A Nori, que espera explorar nódulos polimetálicos (seixos ricos em metais estratégicos) numa zona do Pacífico a partir de 2026, é patrocinada por Nauru, um pequeno Estado insular na Oceânia.

De acordo com as linhas gerais do texto, a análise do plano operacional passaria primeiro para as mãos da comissão jurídica e técnica da ISA, acusada pelas ONG de ser pouco transparente e bastante pró-indústria.

Analisando os pontos fortes e fracos do plano (capacidades técnicas e financeiras, exequibilidade, precauções ambientais, etc.), a comissão faria uma recomendação ao Conselho responsável pela tomada da decisão final.

Mas alguns receiam que as regras já existentes na UNCLOS tornem difícil reverter uma recomendação favorável da comissão, sendo necessária uma maioria de dois terços do Conselho. O texto atual prevê uma duração inicial de 30 anos para os contratos operacionais, seguida de prorrogações renováveis ​​de cinco anos.

Proteção ambiental

A empresa candidata terá de realizar uma avaliação dos possíveis impactes ambientais da sua atividade. A ideia geral é limitar estes impactos para melhor proteger o ambiente, mas os detalhes ainda estão longe de estar definidos.

Os negociadores dividem-se na escolha e até na definição de termos básicos, como “efeitos adversos” ou “impacto grave”.

As ONG e cada vez mais Estados sublinham que o próprio princípio da avaliação dos potenciais impactes é impossível devido à falta de informação científica.

Para além dos ecossistemas, os Estados insulares do Pacífico, particularmente ligados à natureza sagrada dos oceanos, insistem em referências à proteção do “património cultural subaquático”.

Os desafios da fiscalização e do cumprimento das regras

A fiscalização da mineração submarina é um dos pontos em discussão. O texto em cima da mesa prevê um sistema de inspeções e de avaliação do cumprimento dos compromissos da empresa exploradora.

Mas as atividades "ocorrem a milhares de quilómetros da costa, a grande profundidade e num ambiente hostil", sublinha Emma Wilson, da ONG Deep Sea Conservation Coalition, que duvida da capacidade de monitorizar os impactos ambientais.

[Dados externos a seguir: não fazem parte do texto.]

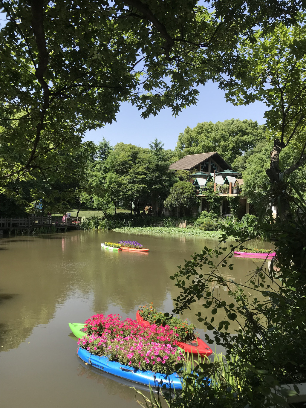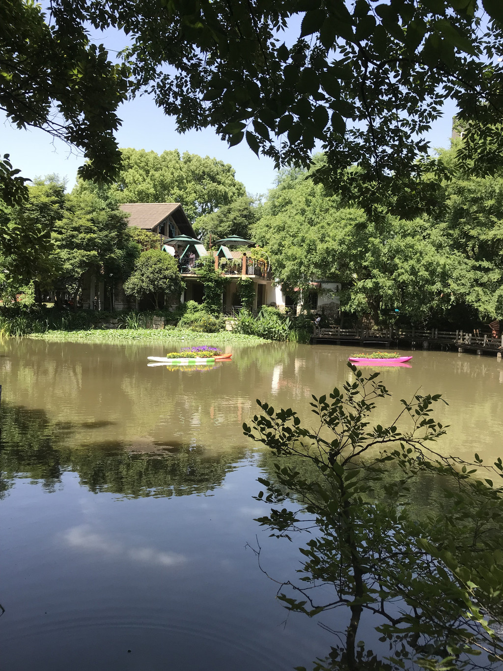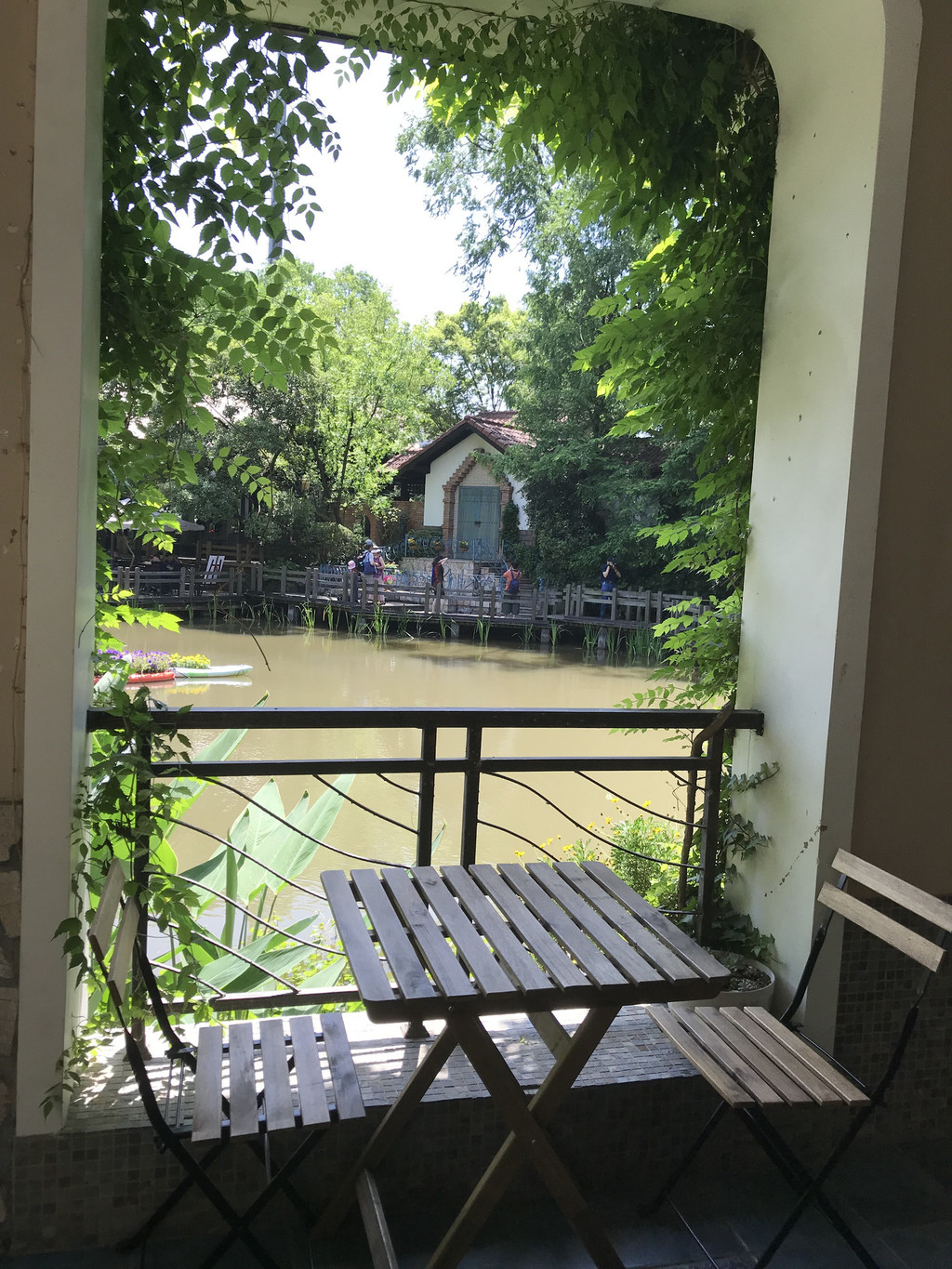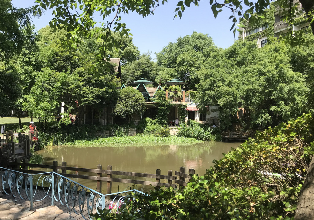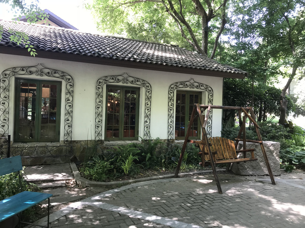 曼陀咖啡馆可说是园中的一道风景,面对草坪边靠着湖,坐在这里喝咖啡欣赏湖景,却不知对面的人早已把这里摄入了镜头,怎么看都是美。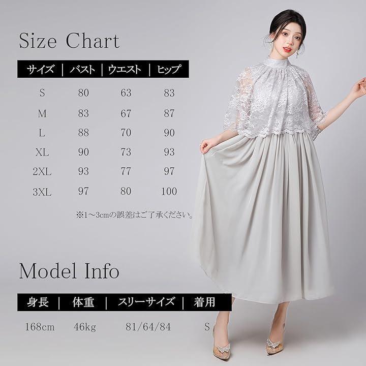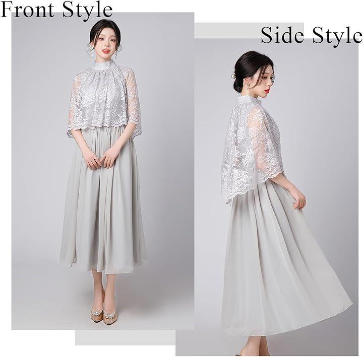 「異素材MIXの華やかなパーティドレス」 このドレスは、優美なレースが織り成すケープ状のトップスと、フワッとエレガントに広がるスカートが特徴の2ピース風ワンピースです。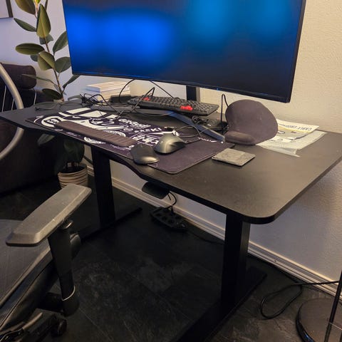 Hjørneskrivebord høyre 200x120 med elektrisk hev og senk, bøk - pent brukt selges.
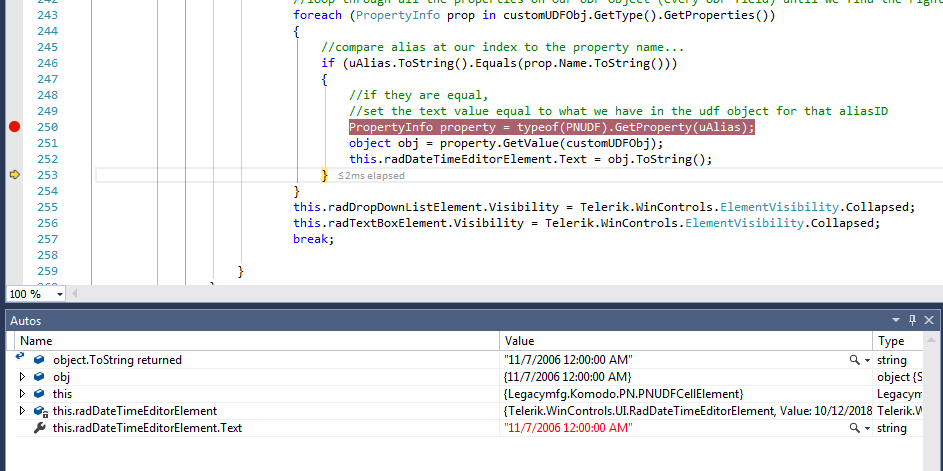 uAlias = "U_" + aliasID[index].ToString(); //loop through all the properties on our UDF Object (every UDF field) until we find the right one foreach (PropertyInfo prop in customUDFObj.GetType().GetProperties()) { //compare alias at our index to the property name... if (uAlias.ToString().Equals(prop.Name.ToString())) { //if they are equal, //set the text value equal to what we have in the udf object for that aliasID PropertyInfo property = typeof(PNUDF).GetProperty(uAlias); object obj = property.GetValue(customUDFObj); this.radDateTimeEditorElement.Text = obj.ToString(); } }
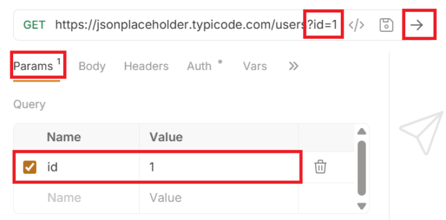 パラメータは「Params」タブの「Query」に値を入力後、「→」アイコンを押下してリクエストを送信します。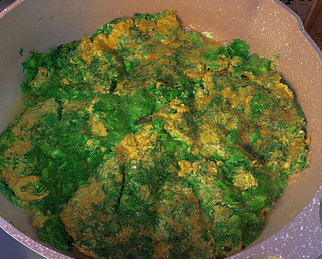 4、开中小火煎,火不要太大,要不然鸡蛋焦了就不好看了,等到底部凝固变得金黄,然后翻面,因为这个茴香鸡蛋比较软,整个翻面不容易,我们用铲子从中间分开,一块块翻面,这样相对比较容易一些。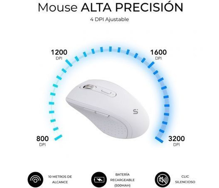 Ratón Ergo Inalámbrico. El pack se completa con un ratón ergonómico, pensado para adaptarse a la perfección a la mano derecha. Dispone de botones laterales de “Avanzar” y “Retroceder” y un tacto suave con clic silencioso. Además, puedes ajustar su DPI entre 800/1200/1600/3200 para obtener la sensibilidad y precisión que mejor se ajuste a tu estilo de trabajo o juego.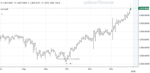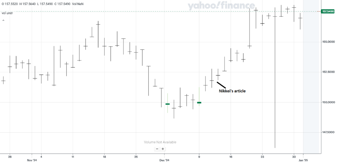 Ngày 12/12, Nikkei dự đoán rằng BOJ sẽ không tăng lãi suất trong cuộc họp cuối cùng trong năm, mà có thể lùi sang tháng Một tới. 10yr yield giật qua lại trên mức 1.05%. Thấy vậy, đồng JPY lập tức yếu đi, cặp tiền USDJPY tăng đều đặn từ khoảng 152 trước thông tin này, lên mức 154, rồi 155, 157, và xấp xỉ 158 khi kết thúc năm 2024.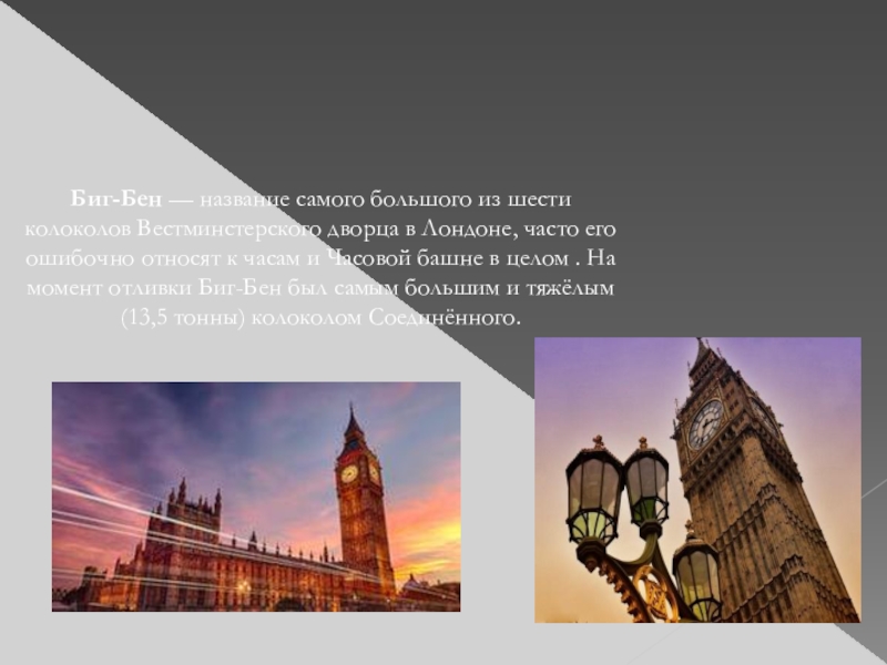 в Лондоне, часто его ошибочно относят к часам и Часовой башне в целом . На момент отливки Биг-Бен был самым большим и тяжёлым (13,5 тонны) колоколом Соединённого.

Quem lucra com a mineração dos oceanos?

Segundo a Convenção das Nações Unidas sobre o Direito do Mar, os recursos do fundo oceânico são património comum da humanidade. Assim, as empresas mineiras devem pagar royalties à ISA, mas a percentagem e os prazos são alvo de disputa.

A proposta atual menciona valores entre 3% e 12%, enquanto os países africanos defendem um mínimo de 40%. A falta de consenso continua a adiar a aprovação definitiva do código mineiro.